5 min readLast reviewed 2026-06-20

Modern implant technology — including CBCT imaging, digital impressions, guided surgery, and PRF — has meaningfully improved planning precision and some patient outcomes, though not every technology is necessary or beneficial for every case.

Key takeaways

  • CBCT scanning provides 3D bone mapping that has become essentially standard of care for implant planning.
  • Guided surgery reduces placement variance, most valuable for one-piece zirconia systems where angle cannot be corrected later.
  • Digital impressions offer convenience but are not strictly superior to conventional impressions for all cases or all technologies.
  • PRF (platelet-rich fibrin) from the patient's own blood is used by some providers to support healing at the surgical site.

Technologies that are now broadly standard

CBCT (cone-beam computed tomography) scanning has become effectively standard for most implant planning because it provides precise 3D mapping of bone volume, nerve location, and sinus position before any drilling begins — meaningfully reducing the risk of nerve injury or sinus perforation compared to planning from conventional X-rays alone.

Technologies that add value in specific contexts

Guided surgery using a 3D-printed surgical guide built from CBCT data adds placement precision beyond freehand technique, most valuably for one-piece zirconia implants where the placement angle cannot be corrected afterward. Digital impressions offer convenience and can be integrated directly into CAD/CAM workflows but are not universally superior to conventional impressions for every case or provider setup.

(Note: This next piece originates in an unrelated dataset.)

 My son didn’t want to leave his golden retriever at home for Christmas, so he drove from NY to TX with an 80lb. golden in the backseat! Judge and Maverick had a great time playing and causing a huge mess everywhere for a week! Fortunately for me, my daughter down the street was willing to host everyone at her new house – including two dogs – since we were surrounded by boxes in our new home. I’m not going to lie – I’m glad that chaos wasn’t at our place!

Technologies worth asking about rather than assuming

PRF (platelet-rich fibrin) involves drawing a small amount of the patient's blood and processing it into a concentrated healing-factor preparation used at the surgical site — some providers routinely use it for all implant cases; others reserve it for specific indications. Asking a provider directly which technologies they use and why, rather than assuming more technology always means better outcomes, gives you the most useful picture.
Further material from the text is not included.